Размер шрифта
-
+

Серебряный шар. Драма за сценой - стр. 50

Было тепло, роскошные базары, цветы; все нежились на солнце, и спектакли имели громадный успех. На «Тартюфа», поставленного Эфросом, нельзя было достать билет. Вертинскую и Калягина публика принимала фантастически. Спектакль был блестящий. Только из книги Смелянского я узнал, что «Тартюф» многими не был принят и что Ефремову спектакль, кажется, не нравился. Мой друг Леня Эрман, работавший в те годы заместителем директора МХАТа, с немалым удивлением прочел об этом спустя двадцать лет после премьеры. Может быть, Ефремову «Тартюф» и не нравился, Олегу Николаевичу мало что нравилось, и тут дело было не в Эфросе, не в спектакле, а в том, что для Ефремова было существенно в театральном процессе. Может быть, было несколько «элитарных» критикесс, которые не принимали работу Эфроса. Но успех у «Тартюфа» был феноменальный и в Москве, и в Алма-Ате.

Читая в книге Смелянского об алма-атинских гастролях, я почувствовал, как устаешь от сатирических усмешек и иронии. Нельзя жить одним отрицанием. Но спорить с ним не стоит, скорее следует задуматься, почему на писаных страницах всё мельче того, что происходило в действительности. После прочтения «Уходящей натуры» остается ощущение, что и Ефремов, и все его окружение, и все то, чем он занимался, оказались побеждены Временем, редко озаряя зрителей светом искусства. Все на самом деле было гораздо сложнее.

То, что Ефремов пил, широко известно. Он начал пить еще в те годы, когда создавал «Современник», ставший одним из лучших театров Москвы, ошибок он наделал тысячи, и грехов у него было не меньше… Но и побед было очень много.

Смотришь его фильмы – великий артист, вспоминаешь его спектакли в «Современнике» – мощная режиссерская рука.

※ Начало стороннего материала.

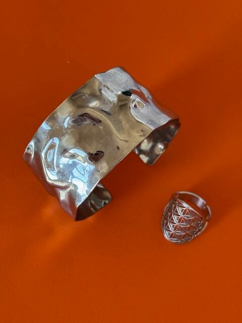 SILVER★大振り華やかバングル!フラワーオブライフリング!セット!★
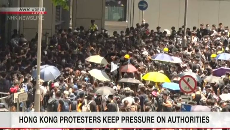ဟောင်ကောင်တရားခံလွှဲပြောင်းရေး ဥပဒေမူကြမ်းပြင်ဆင်ခြင်းကို ကန့်ကွက်သည့် ထောင်ချီရှိသော ဆန္ဒပြလူငယ်များ ဟောင်ကောင်အလယ်ပိုင်းရှိ ရဲဌာနချုပ်ကို ဝန်းရံကာဆန္ဒပြခဲ့သည်ဟု သိရသည်။
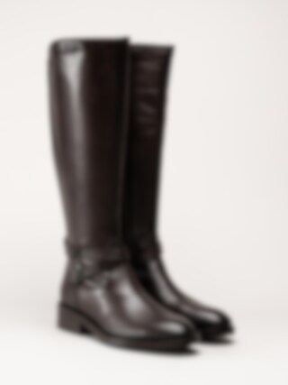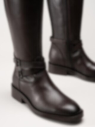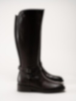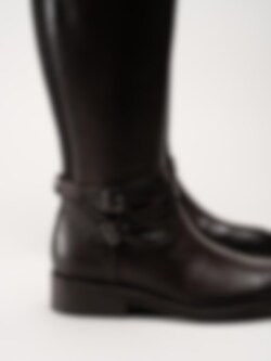 Mörkbruna stövlar i skinn med stretch från Tamaris. Snygga höga stövlar med spänne på sidan och gott om stretch för att ge en rymlig passform. Dragkedja på insidan. Skönt mjukt foder i fleece även i innersulan som också har Touch-It för hög komfort. ANTI-slide på klacken för extra säkerhet när du är ute och går.
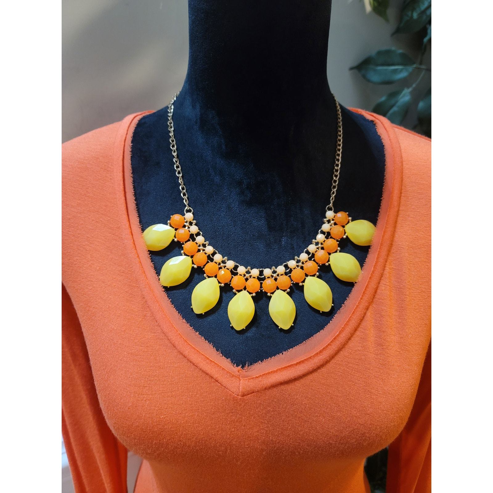 In a cheerful orange hue, this V-neck shirt is perfect for adding a pop of color to any outfit. Crafted with a comfortable stretch fabric, it offers a flattering fit and ease of movement.
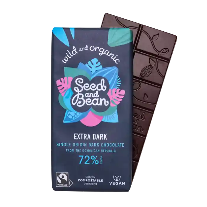 Økologisk 'Extra Dark' mørk chokolade (72 %), fra Seed and Bean, 75 g.
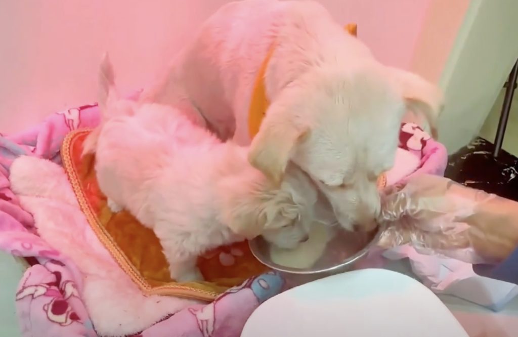 After work, he drove them to a nearby veterinary clinic. The vet gently examined both dogs, running tests to make sure they were healthy. Miraculously, the results came back clear — no signs of distemper, mange, or any other infectious disease. The vet smiled and said, “They’re lucky you found them.” The man sighed in relief. Then came bath time — the water ran brown at first as the dirt washed away, revealing pure white fur underneath. The mother’s expression softened as the warm water soothed her body. The puppy wriggled in delight, his tiny tail wagging for the very first time.
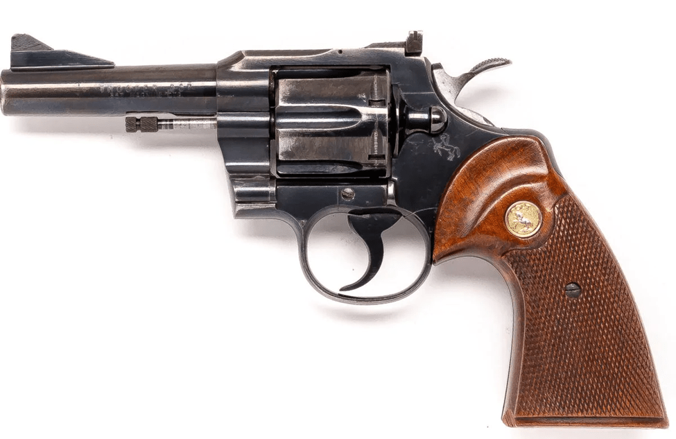 The serial number tells me that my Colt Trooper left the factory in 1954. When I got it, the grips were from the 1960’s, with gold medallions – so I didn’t see anything wrong with taking them off and replacing them with a set of Pachmayr grips. A lot of parts get changed on Colt revolvers – and the value is no different with my chosen grips than someone else’s replacements. It probably looked like this when it left the factory:
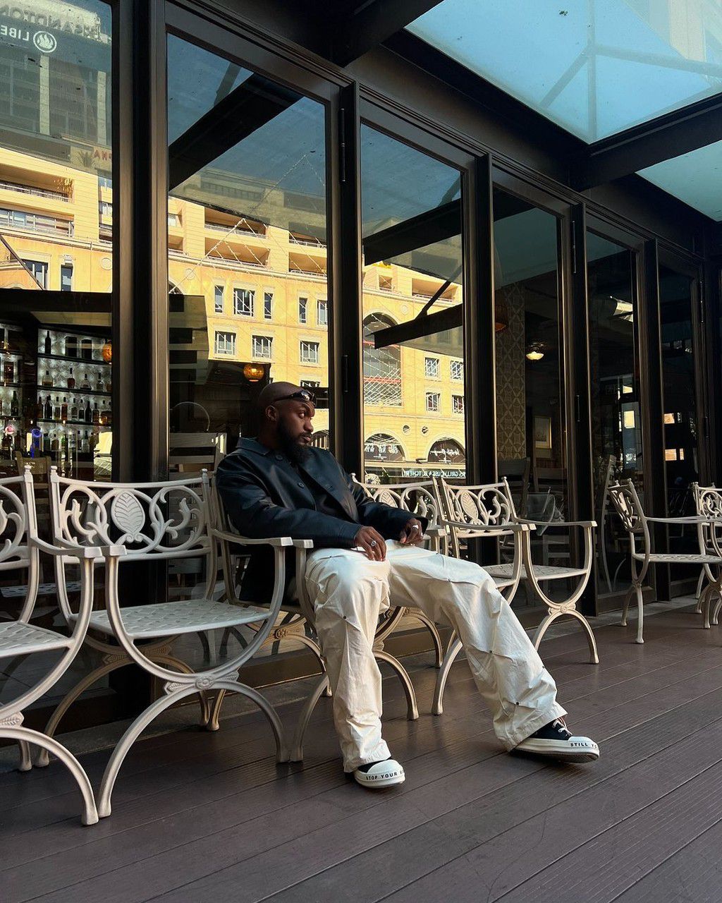 Mr. Drew opted for a cool and casual look, wearing a black jacket paired with cream trousers while lounging on a lazy bench.

В те годы он проходил сквозь жизнеподобие Розова, Рощина, Зорина, Володина, сквозь богатство их психологических мотивов, вобрал в себя всю меткость их современных диалогов, что помогло ему потом, уже во МХАТе, прийти к условностям в чеховском смысле. В «Современнике» он увлекался политическими драмами Михаила Шатрова, поставил его «Большевиков». Для того времени это был очень смелый спектакль. Уже во МХАТе его горьковские «Последние» и чеховские спектакли: «Иванов», «Чайка», «Дядя Ваня» и, в конце жизни, «Три сестры» – глубокие, неромантического, а скорее интеллектуального склада – противопоставляли неустроенность внутренней жизни любому виду лжи. Ефремов и в жизненных ситуациях был смел, честен, жесток, но и добр, и умел говорить правду в лицо. Его душа казалась мне бездонным колодцем, куда заглянуть, особенно в глубины, было нелегко.

Волчек, Табаков, Кваша, Петр Щербаков, Сергачев, Толмачева, Дорошина, Мягков, Любшин, Покровская, Вертинская, Лаврова, Миллиоти – это его ученики, его учеником был и артист редчайшего дара – Евгений Евстигнеев. Театр «Современник» создал он, и помнить это надо всегда.

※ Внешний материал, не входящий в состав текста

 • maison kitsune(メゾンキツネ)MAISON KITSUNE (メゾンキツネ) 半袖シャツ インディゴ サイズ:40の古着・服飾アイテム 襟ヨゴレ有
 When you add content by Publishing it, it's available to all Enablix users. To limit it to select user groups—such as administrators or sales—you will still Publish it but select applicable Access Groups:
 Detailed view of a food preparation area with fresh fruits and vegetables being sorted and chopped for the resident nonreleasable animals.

Волчек никогда бы не стала режиссером, если бы Ефремов не увидел в ней режиссерского дарования и не заставил ее поставить «Двое на качелях» Гибсона. Он дал возможность ставить на сцене МХАТа Додину, Каме Гинкасу, Эфросу, Чхеидзе, Виктюку – в советские, совсем непростые, времена. Он знал себе цену, знал свою силу, осознавал свои ошибки, только одни признавал, другие – нет.

Разделение МХАТа – его трагический просчет, но он с этим никогда не соглашался. Когда я сделал о нем телевизионную передачу в январе 1995 года, после эфира он позвонил мне и сказал: «Можно на меня и так посмотреть, но это серьезно, я только не согласен с тобой о разделении МХАТа, оно было необходимо». Он был в этом убежден, и идея разделения принадлежала ему, а не Анатолию Смелянскому, в чем того несправедливо обвиняют и что ему приписывают потому, что Смелянский был рядом с Ефремовым все двадцать лет и поддерживал все его начинания, во всяком случае, в первые годы работы с ним.